Antes de tudo, pode ser que eu acabe citando algumas passagens que você, leitor, tenha algum envolvimento. Pode ser que eu esteja te citando como o autor desvairado daquela ideia de jerico. Bem… Primeiro fique tranquilo, que eu não citarei seu nome. Em segundo, foi mal aê, quem mandou panfletar ideia doida?

Mas as pessoas continuam tendo ideias mirabolantes, malucas, inviáveis na sua maioria… Mas não dão um centavo ou uma gota de suor para que aquela ideia seja executada. Pior, muitos defendem sua ideia com unhas e dentes… Mesmo sem pensar se ela é realmente viável ou não. Egoísmo aí fala alto.

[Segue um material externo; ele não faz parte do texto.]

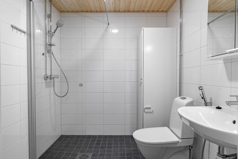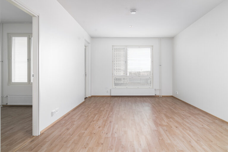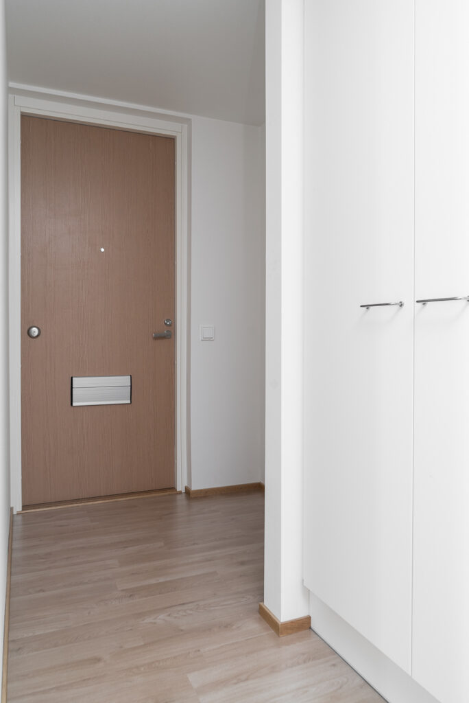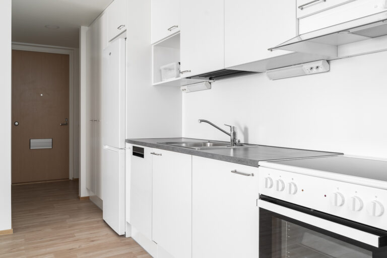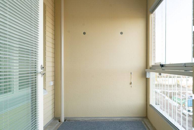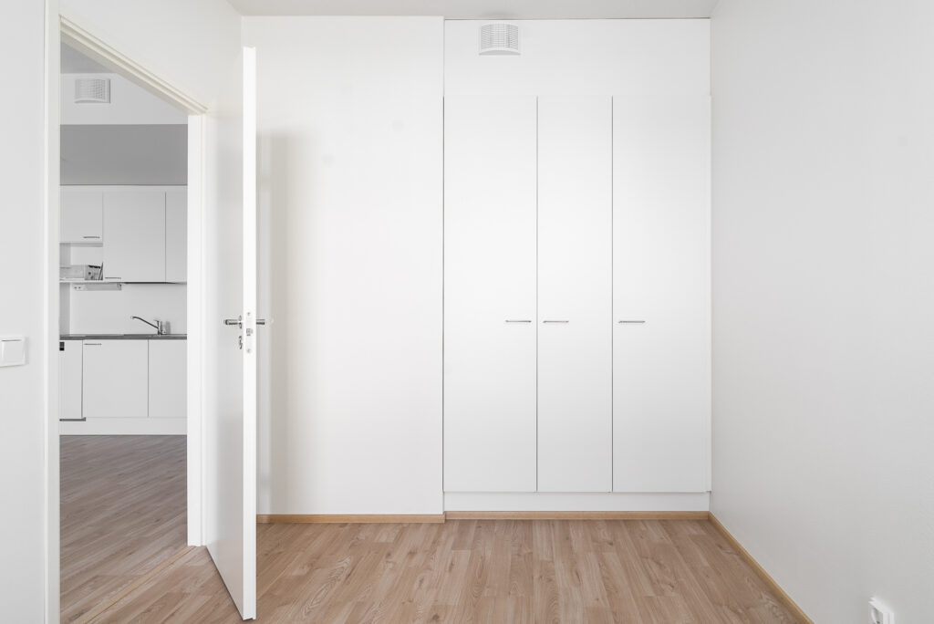 A two-room apartment designed as a functional and comfortable unit. The apartment is entered through a hallway, which is connected to a storage space. The apartment’s open kitchen opens into the living room. The kitchen has a fridge-freezer, a white 60 cm wide dishwasher, a 60 cm wide space for a microwave oven and a ceramic floor-standing stove. The bathroom has a laundry closet, space for a 60 cm wide washing machine and dryer, and washing machine connections and sockets are ready. The bedroom and the apartment’s comfortable glazed balcony are accessed through the living room.

O texto ficou tão grande que eu decidi dividir em mais de uma parte. Mas agora, deixa eu mostrar alguns exemplos…

A Tecnobytes

Acho que todo mundo aqui conhece a Tecnobytes. Além de produzirem hardware de qualidade, eles são nossos amigos pessoais, e no meu caso, um dos integrantes da Tecnobytes é quase meu vizinho. Além da fraternidade MSXzeira, somos bons amigos. Claro que temos sempre que manter separada a amizade da nossa função enquanto imprensa (e gostem ou não, somos um órgão de imprensa), então vez por outra eu já falei pela Tecnobytes no fórum da MSX.org, mas aí eu falei como eu mesmo, não como parte da equipe que vocês conhecem.

Mas algumas informações eu acabo sabendo a respeito deles. Algumas vem mesmo antes de irem a público. Outras eu participei ao preparar o material de divulgação, já que me deram exclusiva. Teve outras ideias que eu opinei a respeito.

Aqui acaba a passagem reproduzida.